In dress, it was the aim of every one to disguise the hideous prison-garb as much as possible, the results often being ludicrous in the extreme.
Everybody was more or less busy. There were schoolmasters and music teachers, a band, a boxing academy, a dancing school, a glee-club, and a theatre. There were straw-basket making, imitation Chinese wood-carving, and much false coining, the lead of No. 6 roof coming in very handy for this trade. Washermen charged a halfpenny a piece, or one penny including soap and starch.
No. 4 was the bad prison—the Ball Alley of the roughs. Each prison, except No. 4, was managed by a committee of twelve, elected by the inmates. From their decisions there was no appeal. Gambling was universal, ranging from the penny ‘sweet-cloth’ to Vingt-et-un. Some of the play was high, and money was abundant, as many of the privateersmen had their prize-money. One man possessed £1,100 on Monday, and on Thursday he could not buy a cup of coffee. The rule which precluded from the privilege of parole all but the masters and first mates of privateers of fourteen guns and upwards brought a number of well-to-do men into the prison, and, moreover, the American Government allowance of 2½d. a day for soap, coffee, and tobacco, circulated money.
The following notes from the Journal of a Young Man of Massachusetts, Benjamin Waterhouse by name, whom we have already met on the Chatham hulks, are included, as they add a few details of life at Dartmoor to those already given.
Waterhouse says:
‘I shall only say that I found it, take it all in all, a less disagreeable prison than the ships; the life of a prudent, industrious, well-behaved man might here be rendered pretty easy, for a prison life, as was the case with some of our own countrymen and some Frenchmen; but the young, the idle, the giddy, fun-making youth generally reaped such fruit as he sowed. Gambling was the wide inlet to vice and disorder, and in this Frenchmen took the lead. These men would play away everything they possessed beyond the clothes to keep them decent. They have been known to game away a month’s provision, and when they had lost it, would shirk and steal for a month after for their subsistence. A man with some money in his pocket might live pretty well through the day in Dartmoor Prison, there being shops and stalls where every little article could be obtained; but added to this we had a good and constant market, and the bread and meat supplied by Government were not bad; and as good I presume as that given to British prisoners by our own Government.’
Bone Model of Guillotine
Made by prisoners of war at Dartmoor
He speaks very highly of the tall, thin, one-eyed Dr. Magrath, the prison doctor, but of his Scots assistant, McFarlane, as a rough, inhuman brute. Shortland, the governor, he describes as one who apparently revelled in the misery and discomfort of the prisoners under his charge, although in another place he defines him as a man, not so much bad-hearted, as an ill-educated, tactless boor.

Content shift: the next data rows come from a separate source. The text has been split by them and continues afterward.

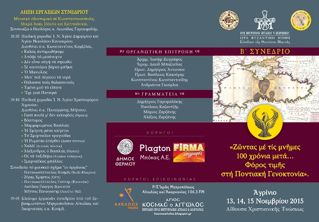 2 Νοεμβρίου 2015 σε ΗΜΕΡΙΔΕΣ-ΕΚΔΗΛΩΣΕΙΣ Στο Αγρίνιο και στην Αίθουσα Χριστιανικής Ενώσεως, θα πραγματοποιηθεί η εκδήλωση με θέμα : “Ζώντας με τις μνήμες 100 χρόνια μετά … Φόρος τιμής στη ποντιακή γενοκτονία.” Ετικέτες - Σχετικά Θέματα ΑΓΡΙΝΙΟ ΓΕΝΟΚΤΟΝΙΑ Ζώντας με τις μνήμες 100 χρόνια μετά ... Φόρος τιμής στη ποντιακή γενοκτονία. ΠΟΝΤΙΑΚΗ ΓΕΝΟΚΤΟΝΙΑ ΠΟΝΤΟΣ Επόμενο Προηγούμενο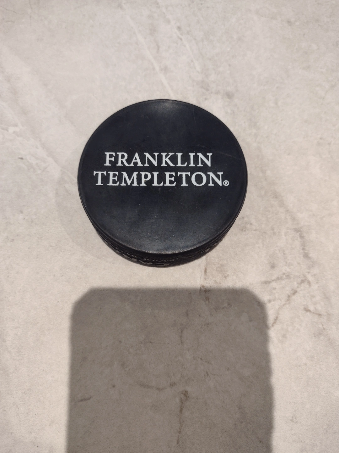 106Black hockey puck. Hockey Hall of Fame logo on one side. Franklin Templeton logo on the other side.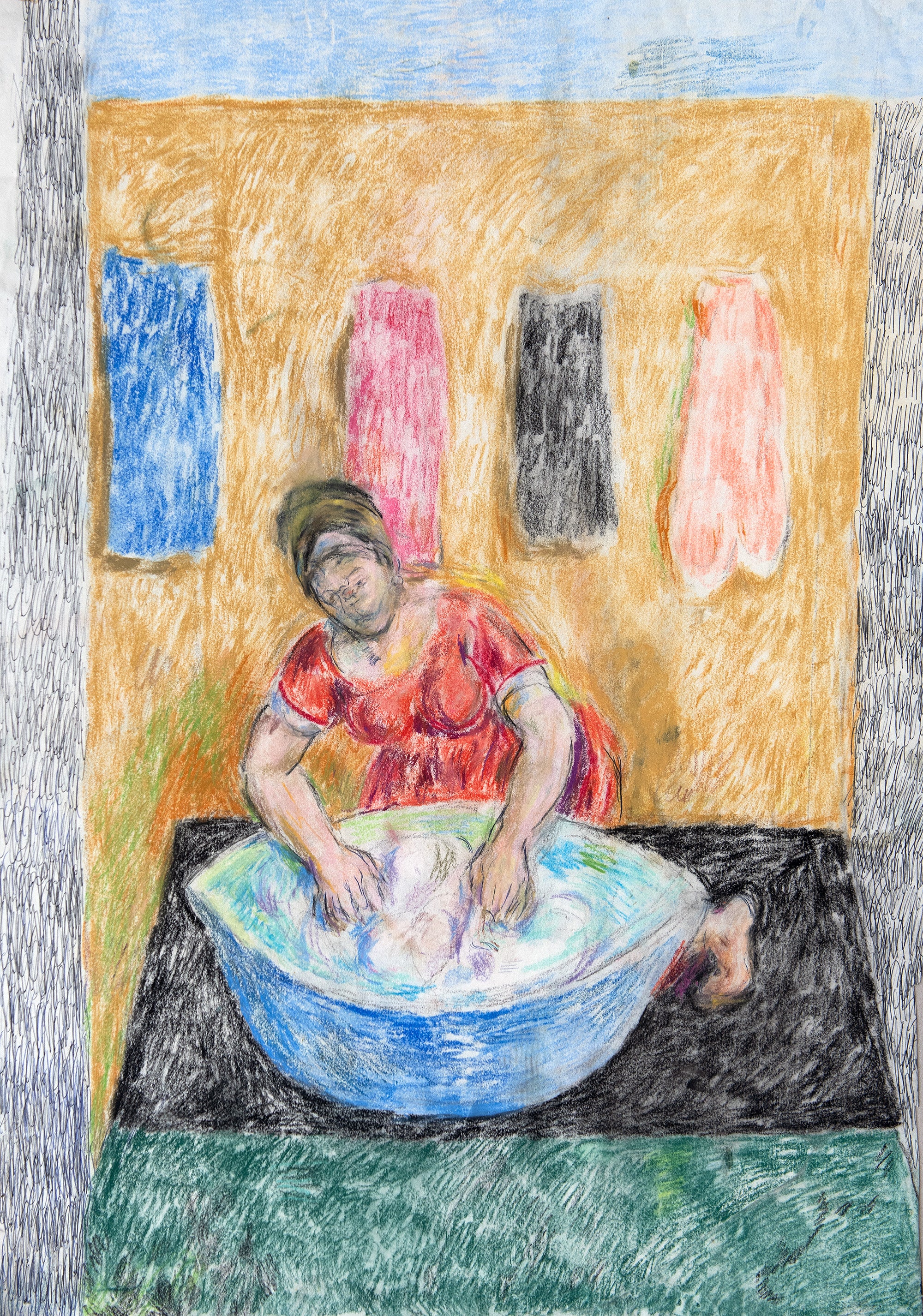 Coloured pastel with pen, ink and pencil on paper.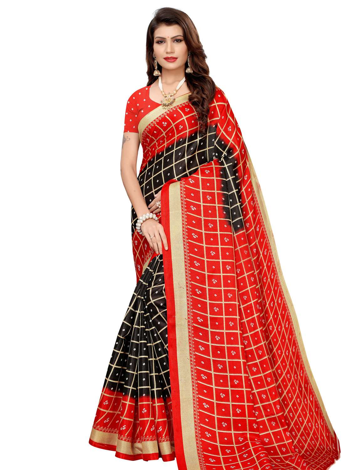 checkered printed saree with blouse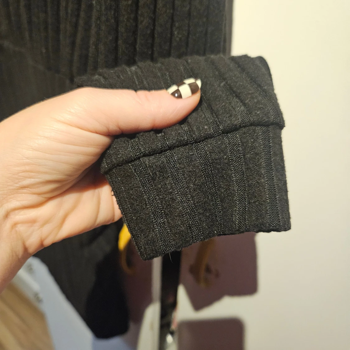 Svart ribbad stickad poloklänning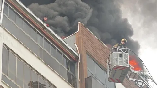 Bursa'da 8 katlı sitede çatı yangını: İki çalışan kurtarıldı, yangın bir saatte söndürüldü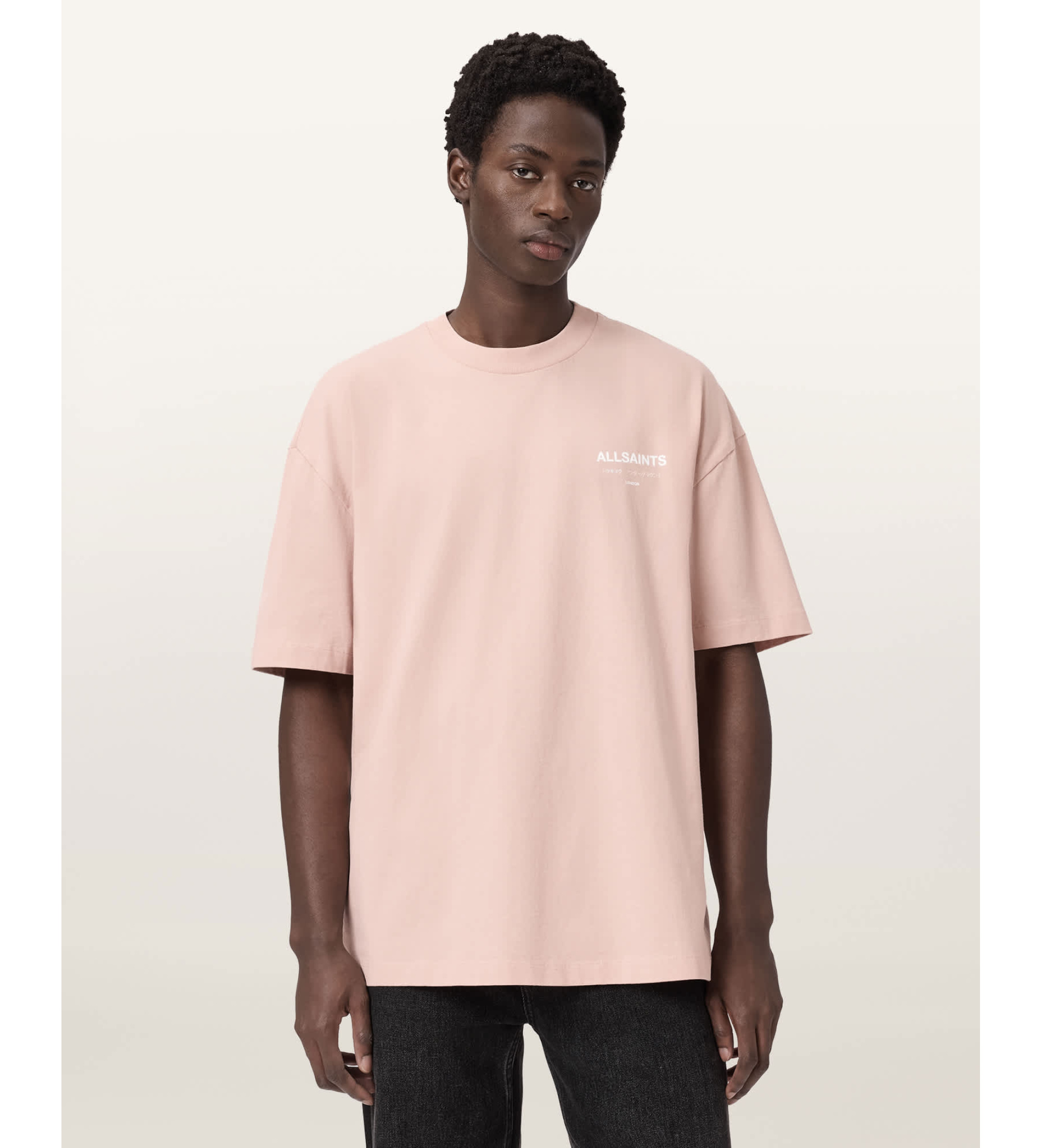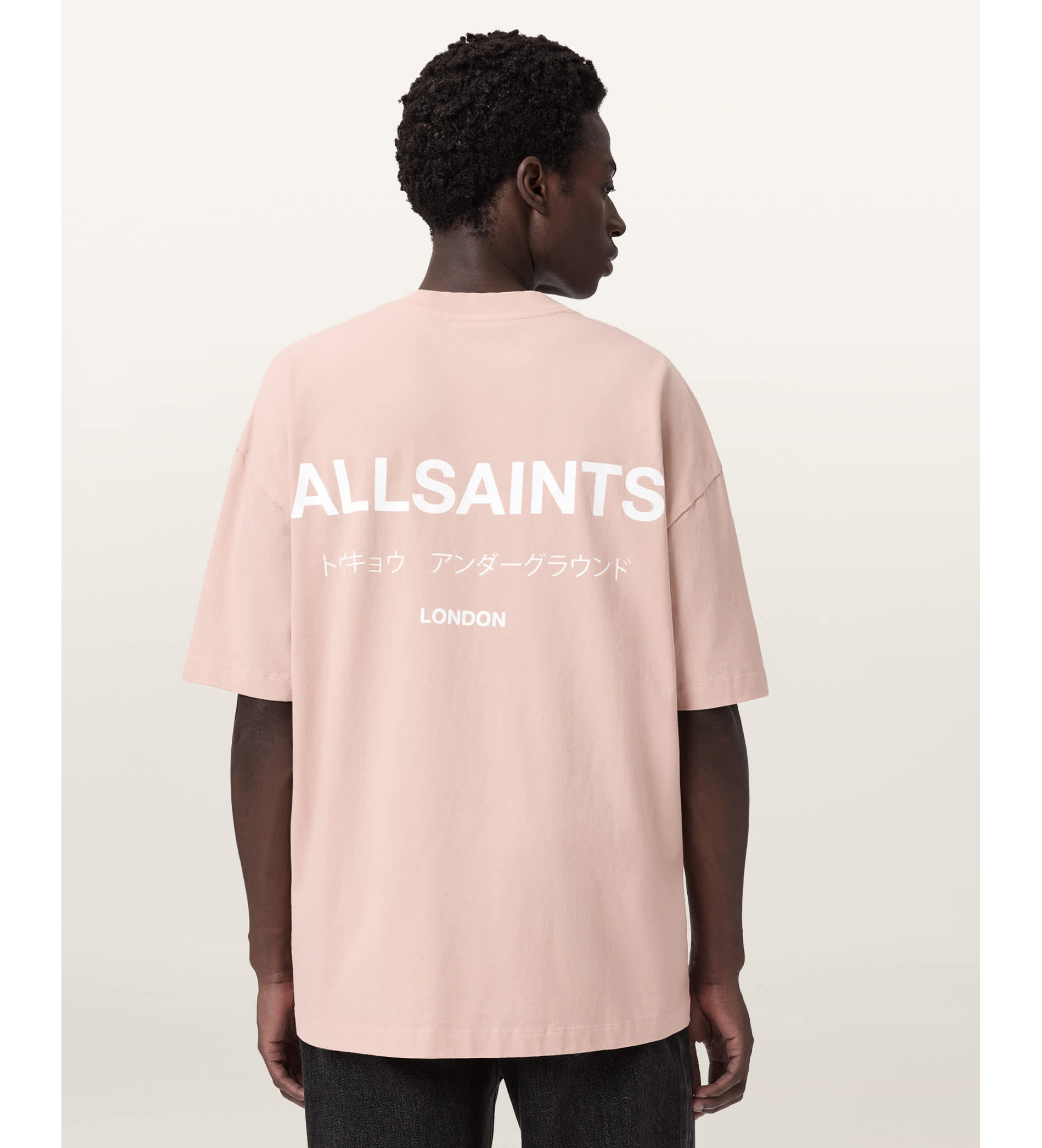 • Logotip AllSaints na prsih in sredini hrbta kot prepoznaven in značilen element blagovne znamke

Waterhouse describes the peculiarly harsh proceeding of Shortland after the discovery of the tunnel dug from under No. 6 caserne. All the prisoners with their baggage were driven into the yard of No. 1: thence in a few days to another yard, and so on from yard to yard, so that they could not get time to dig tunnels; at the same time they were subjected to all kinds of petty bullyings, such as being kept waiting upon numbering days in the open, in inclement weather, until Shortland should choose to put in an appearance. On one of these occasions the Americans refused to wait, and went back to their prisons, for which offence the market was stopped for two days.